Nur ein spezielles Endoprothesenregister kann anhand von Langzeitanalysen eindeutige und verwertbare Informationen zu wichtigen Indikatoren, wie unter anderem Komplikationen und Häufigkeit von Revisionseingriffen, sammeln und damit einen kontinuierlichen Verbesserungsprozess unterstützen. Solche Register können schneller als andere Datenquellen hochselektive Aussagen zu Produktqualität, Operationstechniken und Begleitkomplikationen der unterschiedlichsten Art liefern. Dementsprechend können sie als geeignete Frühwarnsysteme dienen – nicht nur in Bezug auf das Ergebnis eines Gelenkersatzes, unter Berücksichtigung der Konstruktion und der Anwenderfreundlichkeit, sondern auch hinsichtlich der Aufdeckung relevanter Probleme im Herstellungsprozess und in der Zulieferkette. Fälle von nachgewiesenen Produktmängeln zeigen, dass die Möglichkeiten, ein Produkt nach dessen Markteinführung zu prüfen, unzureichend sind.
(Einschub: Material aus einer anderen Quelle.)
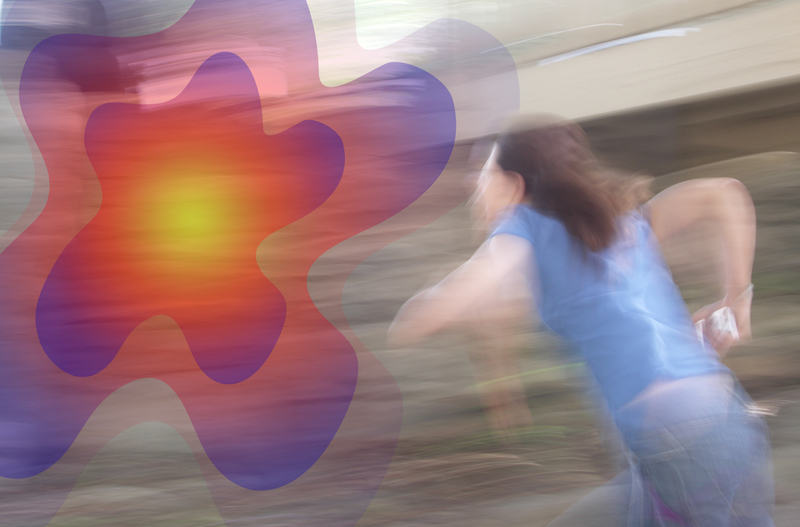 Moments later, the sound of running. If only we hadn't just packed the cameras away! A woman burst into the clearing, her clothes bloodied, a rifle of some sort slung over her back. A cord hung off the backpack, with brightly colored, conical hats (a puffball at the tip of each one) hanging off it like trophies. She gestured at us sharply, "We're falling back to the old tent grounds! Get moving!" she shouted. She sprinted off through the trees. And then we heard it.

Schwedisches Register könnte Vorbild sein

Beispielhaft und nachahmenswert ist das bereits 1979 eingeführte, kontinuierlich weiterentwickelte schwedische Hüftgelenkendoprothesenregister, an dem alle öffentlichen und privaten orthopädischen Kliniken und Klinikabteilungen, unabhängig von der Anzahl der jeweils durchgeführten Implantationen, teilnehmen. Auch für ein deutsches Hüftgelenkendoprothesenregister müsste gelten, dass die Teilnahme zur Übermittlung sämtlicher operationsbezogener Daten an ein zentrales Register verpflichtet. Dieses muss eine von allen Interessen und Leistungserbringern vollständig unabhängige Institution sein, deren Aufgabe darin besteht, das gesamte medizinische Dokumentationsmaterial auszuwerten. Die Auswertung muss durch ein speziell aus- und fortgebildetes, allein dem in jeder Hinsicht von allen Einflüssen unabhängigen Register gegenüber verpflichtetes Personal erfolgen (2224).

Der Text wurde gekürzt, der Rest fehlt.